Al Eqtisadiah
- Type: Daily business newspaper
- Owner: Saudi Research and Marketing Group
- Founders: Hisham Hafiz; Mohammad Hafiz;
- Founded: 1962; 64 years ago
- Language: Arabic
- Headquarters: Riyadh; Dhahran;
- Country: Saudi Arabia
- Sister newspapers: Arab News; Asharq al Awsat;
- OCLC number: 264791347
- Website: Al Eqtisadiah

= Al Eqtisadiah =

Arabic business newspaper in Saudi Arabia

Al Eqtisadiah (الاقتصادية) is a Saudi daily business newspaper, published by Saudi Research and Publishing Company. It has been in circulation since 1962.

==History==
Al Eqtisadiah was first launched as an economic daily in 1962 by brothers Mohammad and Hisham Hafiz. Later, it began to be published by Saudi Research and Publishing Company, a subsidiary of Saudi Research and Marketing Group, on 12 January 1992.

The paper has a Gulf edition.

==Target audience==
Al Eqtisadiah is often called "The Financial Times of Saudi Arabia". Therefore, its target population is primarily businesspeople as well as academics, and senior government employees in the Kingdom and the GCC.
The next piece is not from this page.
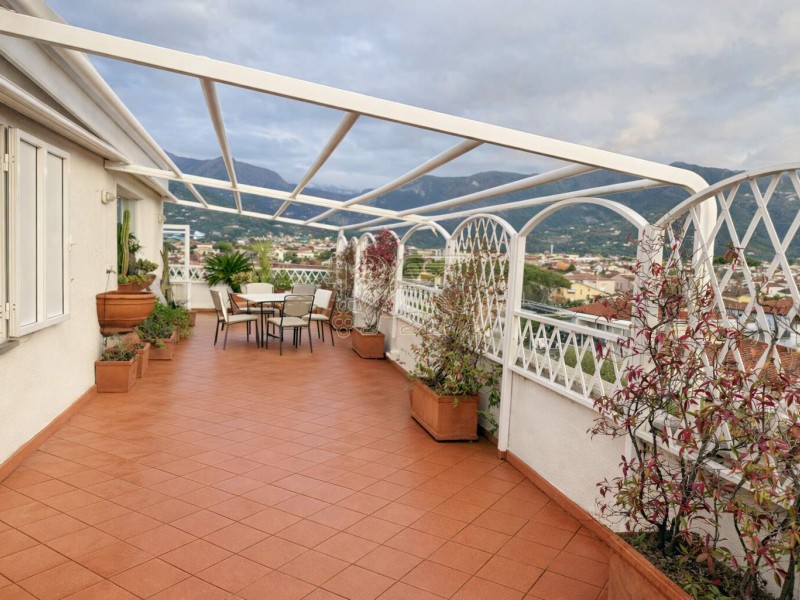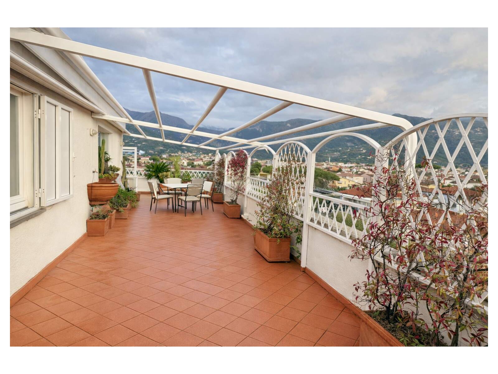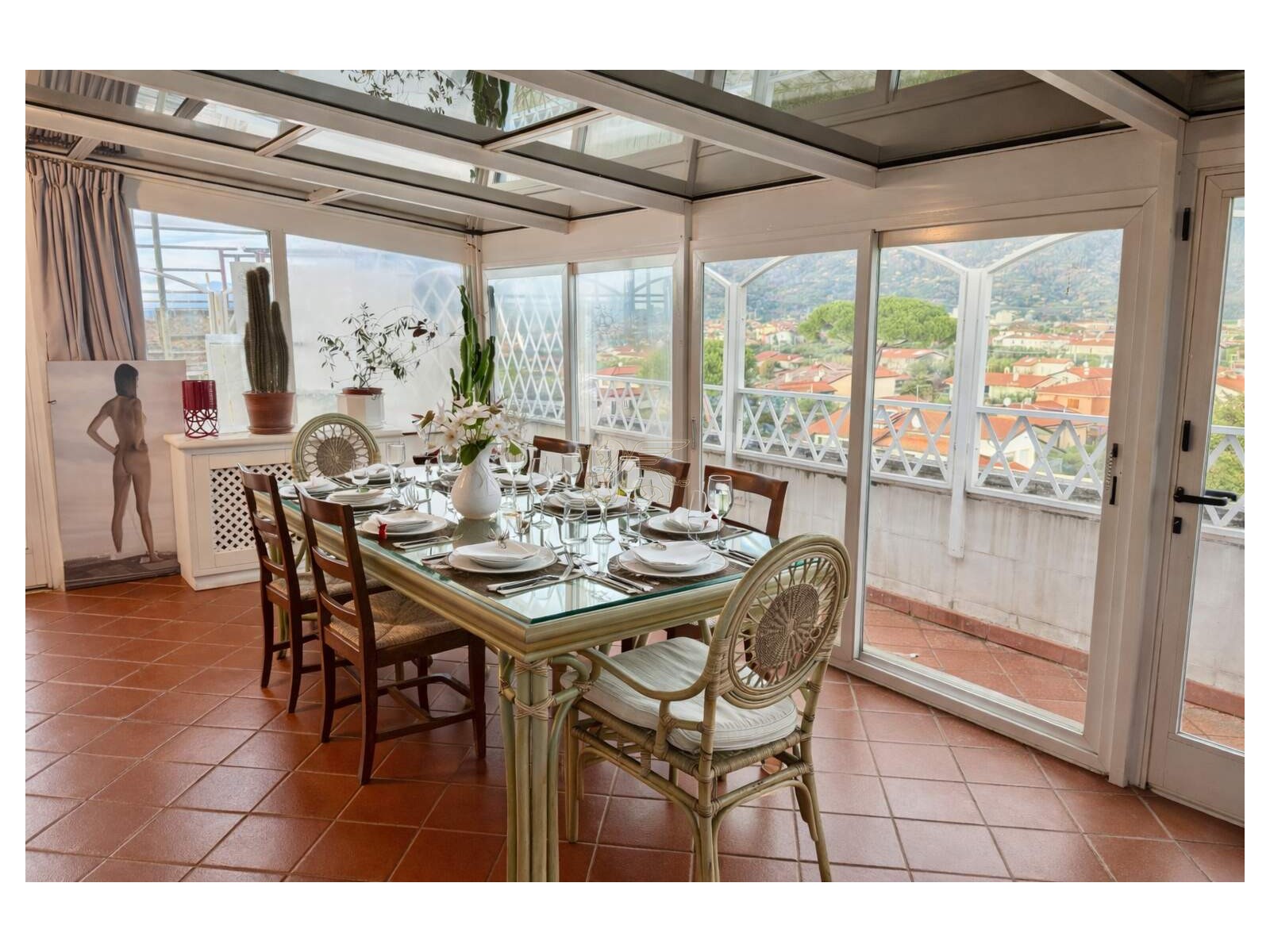 The true heart of the home is the magnificent panoramic terrace of approximately 80 square meters, directly accessible from the living area. From here, views of the Apuan Alps open up, offering a picturesque backdrop in every season: an exclusive space perfect for dining, moments of relaxation and conviviality in complete privacy.

Al Eqtisadiah is reported to rapidly secure a loyal readership of Saudi executives and government officials. The paper is also read by educated Saudi women and female students.

==Ownership==
Al Eqtisadiah is one of the daily newspapers published by Saudi Research and Publishing Company (SRPC)], one of the Saudi Research and Marketing Group (SRMG) companies. The other daily newspapers published by SRPC are Arab News and Al Sharq Al Awsat. As of 2013 the chairman of SRMG was Turki bin Salman Al Saud.

==Content==
Al Eqtisadiah provides both news coverage and research, analysis and commentary on economic and business-related events at domestic, regional and international levels. It also provides the translated articles and news from major international business publications, including the Financial Times, the Harvard Business Review, INSEAD, and Frankfurter regarding major economic events and developments.

The newspaper closely deals with consumer affairs as well as financial trends within the region and abroad. It offers its readers opinions about their financial initiatives and investments. It monitors the developments throughout the Kingdom by focusing on social and economic trends and uncovering important issues that have impact on communities as well as the country's economy as a whole. Additionally, daily in-depth articles published provide an analysis of how developments may affect the Saudi economy.

Although Al Eqtisadiah was founded as a financial daily paper, it is equally known for its political content, often printing editorials and opinion harshly critical of the US on a number of fronts. On the other hand, during the term of its former chief editor Abdul Wahab Al Faiz, Al Eqtisadiah a few years before 2009 appeared to return to its original finance-focus, gradually moving away from political opinion and focusing on themes of interest to the region's business elite.

However, Al Eqtisadiah seems to return to the pre-Al Faiz period, since editor-in-chief Salman Al Dossari published an article challenging the Russia's stance over Syrian government on 24 March 2012. Specifically, Al Dossari harshly criticized Russia, especially Sergey Lavrov, for supporting Bashar al-Assad and argued that the same tactics used by Russia to oppress Muslim majority in Chechnya and the Caucasus have been used by Assad to oppress Sunni majority in Syria.

The paper also contains a section on environmental issues which is published weekly.

==Circulation==
Al Eqtisadiah had a circulation of 76,928 copies in the beginning of the 2000s. In 2007 the paper sold about 60,000 copies. The paper's website was the eighth among top 63 online newspapers of the Arab world in a ranking published by Forbes Middle East magazine in 2011.

==Chief editors==
Former editor-in-chief of Al Eqtisadiah was Muhammad Faraj Al Tunisi, who resigned for personal reasons in 2003. He had been in this post since 1992. Abdul Wahap Al Faiz was the chief editor of Al Eqtisadiah from 2003 to October 2011 when he was made editor-in-chief of Arab News, replacing Khalid Almaeena. Salman bin Yousuf Al Dossary was appointed to the post in October 2011. Al Dossari was working as assistant editor in chief of Asharq al Awsat before his appointment.

==TV channel==
There is also a TV channel bearing the same name, Al Eqtisadiah TV, that broadcasts economy news. The channel launched its YouTube channel in November 2012.